*Exercise description:* The answer must be an exact copy of every entry, with no pictures in it.

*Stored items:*
□ □ □
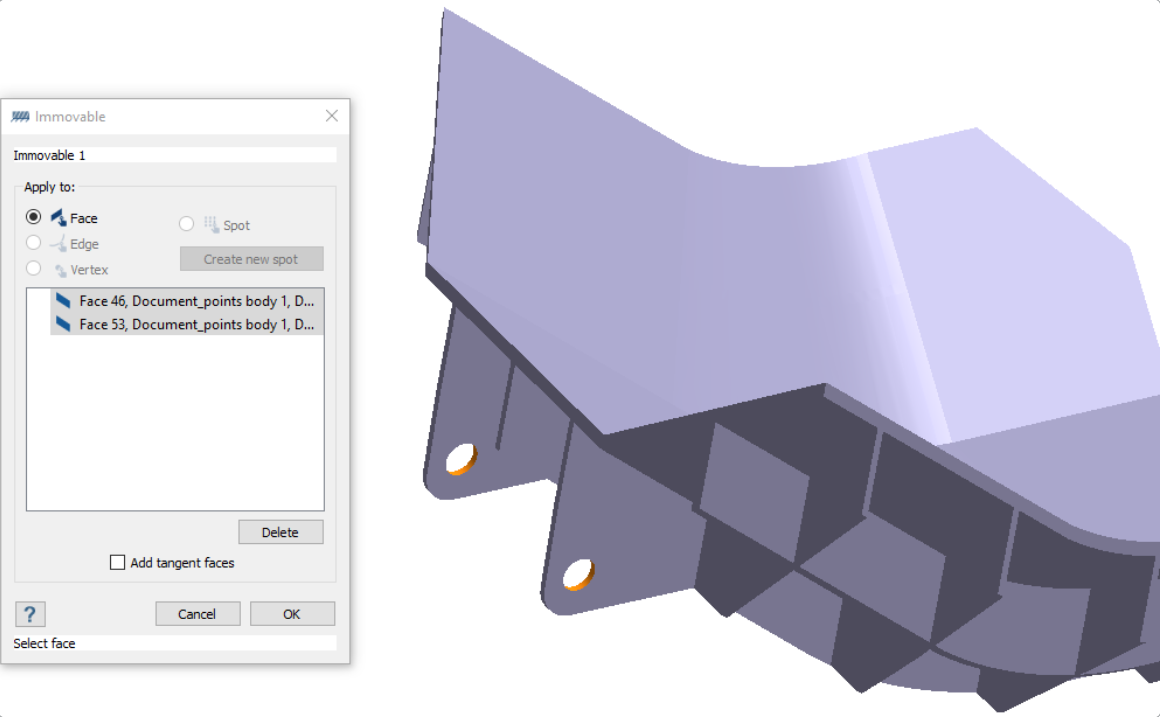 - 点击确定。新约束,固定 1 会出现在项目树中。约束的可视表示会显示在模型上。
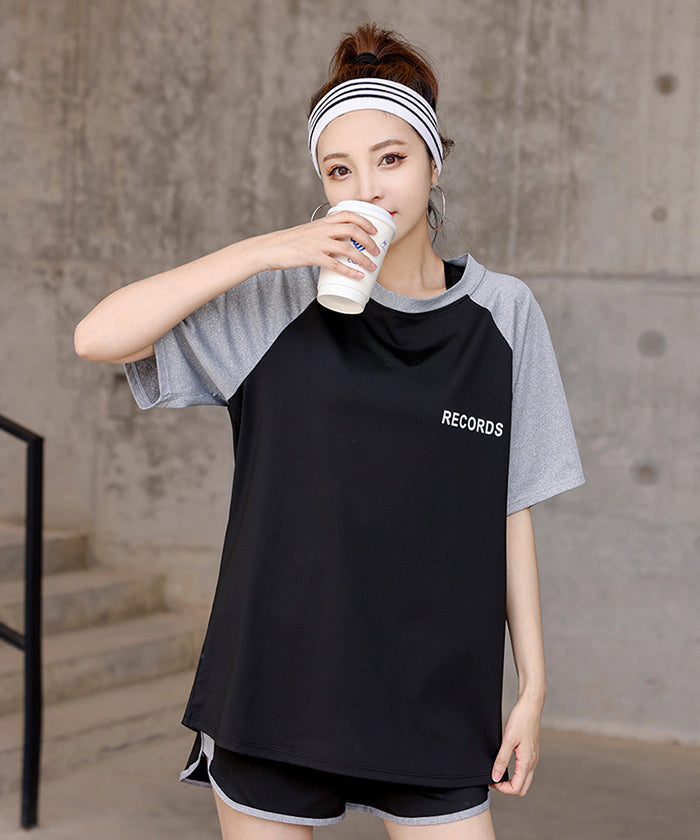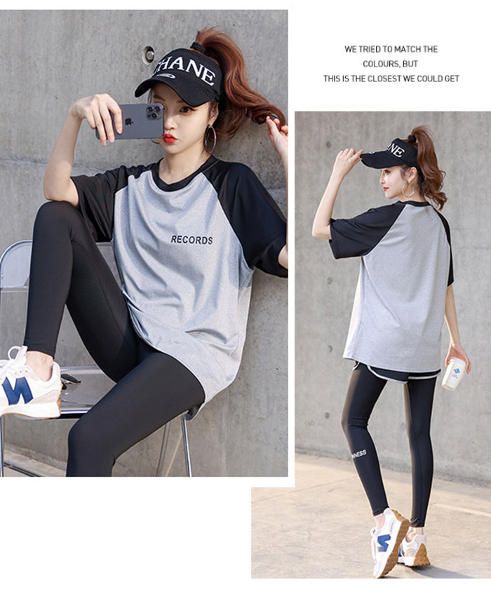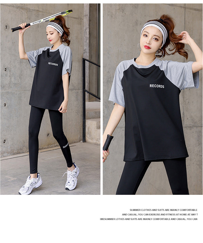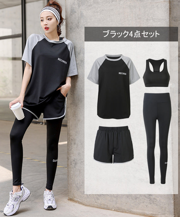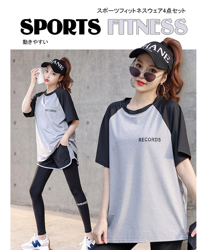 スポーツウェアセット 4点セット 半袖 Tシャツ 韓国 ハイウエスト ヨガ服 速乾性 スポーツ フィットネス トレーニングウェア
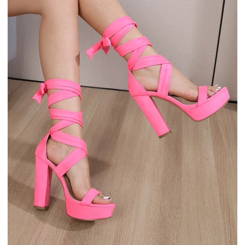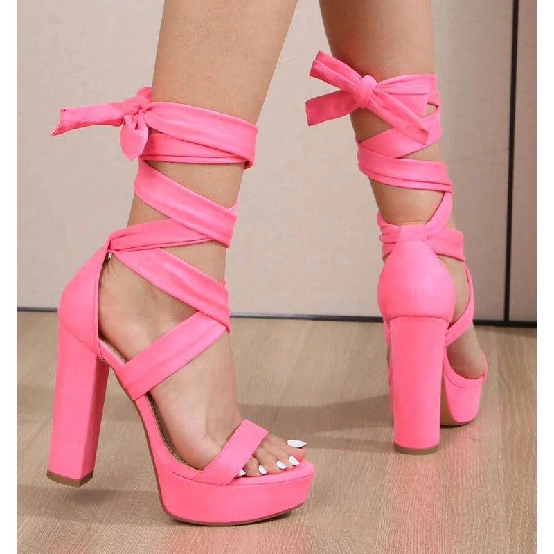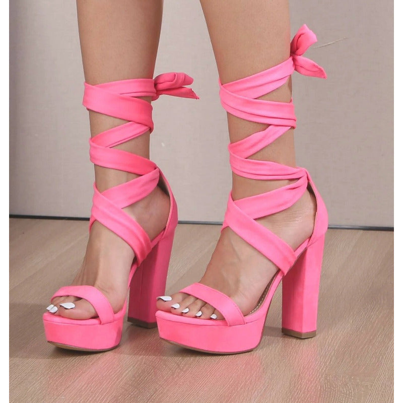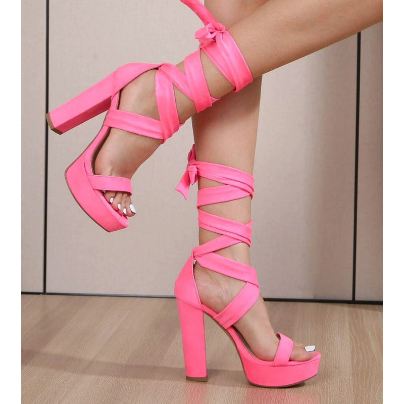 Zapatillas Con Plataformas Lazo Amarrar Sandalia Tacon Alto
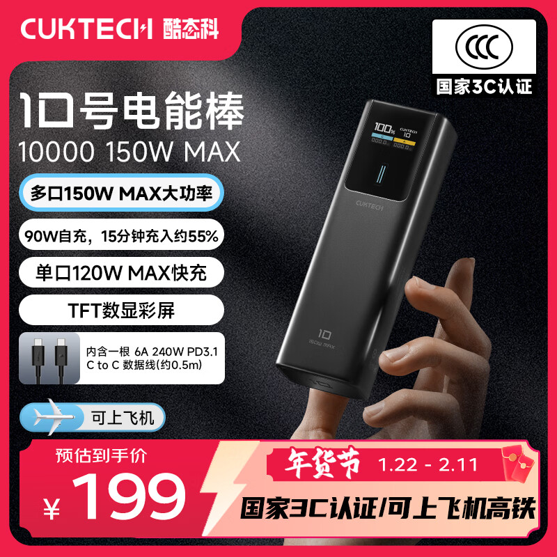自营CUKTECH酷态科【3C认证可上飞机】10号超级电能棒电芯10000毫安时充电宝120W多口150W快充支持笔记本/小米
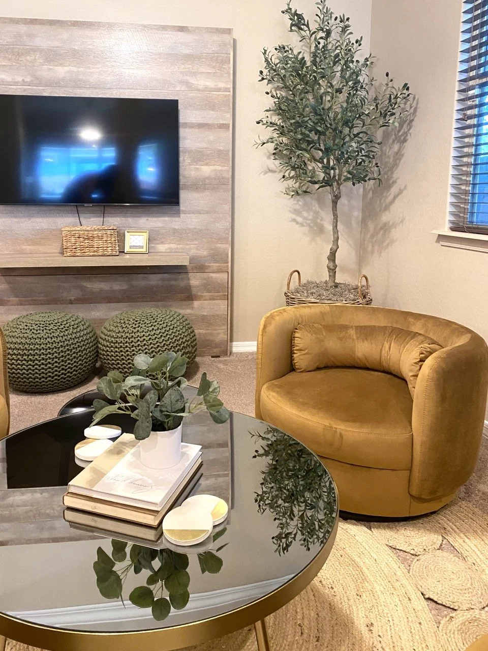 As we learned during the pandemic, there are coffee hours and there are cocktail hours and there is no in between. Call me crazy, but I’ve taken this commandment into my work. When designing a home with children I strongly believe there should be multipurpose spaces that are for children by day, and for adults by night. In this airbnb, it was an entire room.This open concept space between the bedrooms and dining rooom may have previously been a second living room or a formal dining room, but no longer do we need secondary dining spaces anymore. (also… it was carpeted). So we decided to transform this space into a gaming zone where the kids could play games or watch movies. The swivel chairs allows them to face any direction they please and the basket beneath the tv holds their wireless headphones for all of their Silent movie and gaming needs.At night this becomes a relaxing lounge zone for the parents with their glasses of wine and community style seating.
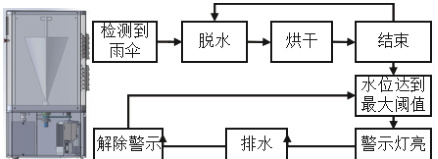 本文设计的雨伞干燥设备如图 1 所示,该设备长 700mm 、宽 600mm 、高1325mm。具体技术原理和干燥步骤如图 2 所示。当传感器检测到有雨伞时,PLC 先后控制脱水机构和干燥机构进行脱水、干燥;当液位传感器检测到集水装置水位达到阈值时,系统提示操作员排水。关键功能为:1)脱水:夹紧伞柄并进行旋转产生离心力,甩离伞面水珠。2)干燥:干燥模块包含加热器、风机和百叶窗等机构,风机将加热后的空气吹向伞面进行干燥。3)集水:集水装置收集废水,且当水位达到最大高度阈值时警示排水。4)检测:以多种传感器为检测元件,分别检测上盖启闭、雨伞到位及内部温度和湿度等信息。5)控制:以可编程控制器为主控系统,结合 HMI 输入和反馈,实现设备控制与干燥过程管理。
□ □ □
*Exercise solution:*
 - 点击确定。新约束,固定 1 会出现在项目树中。约束的可视表示会显示在模型上。
 スポーツウェアセット 4点セット 半袖 Tシャツ 韓国 ハイウエスト ヨガ服 速乾性 スポーツ フィットネス トレーニングウェア
 Zapatillas Con Plataformas Lazo Amarrar Sandalia Tacon Alto
自营CUKTECH酷态科【3C认证可上飞机】10号超级电能棒电芯10000毫安时充电宝120W多口150W快充支持笔记本/小米
 As we learned during the pandemic, there are coffee hours and there are cocktail hours and there is no in between. Call me crazy, but I’ve taken this commandment into my work. When designing a home with children I strongly believe there should be multipurpose spaces that are for children by day, and for adults by night. In this airbnb, it was an entire room.This open concept space between the bedrooms and dining rooom may have previously been a second living room or a formal dining room, but no longer do we need secondary dining spaces anymore. (also… it was carpeted). So we decided to transform this space into a gaming zone where the kids could play games or watch movies. The swivel chairs allows them to face any direction they please and the basket beneath the tv holds their wireless headphones for all of their Silent movie and gaming needs.At night this becomes a relaxing lounge zone for the parents with their glasses of wine and community style seating.
 本文设计的雨伞干燥设备如图 1 所示,该设备长 700mm 、宽 600mm 、高1325mm。具体技术原理和干燥步骤如图 2 所示。当传感器检测到有雨伞时,PLC 先后控制脱水机构和干燥机构进行脱水、干燥;当液位传感器检测到集水装置水位达到阈值时,系统提示操作员排水。关键功能为:1)脱水:夹紧伞柄并进行旋转产生离心力,甩离伞面水珠。2)干燥:干燥模块包含加热器、风机和百叶窗等机构,风机将加热后的空气吹向伞面进行干燥。3)集水:集水装置收集废水,且当水位达到最大高度阈值时警示排水。4)检测:以多种传感器为检测元件,分别检测上盖启闭、雨伞到位及内部温度和湿度等信息。5)控制:以可编程控制器为主控系统,结合 HMI 输入和反馈,实现设备控制与干燥过程管理。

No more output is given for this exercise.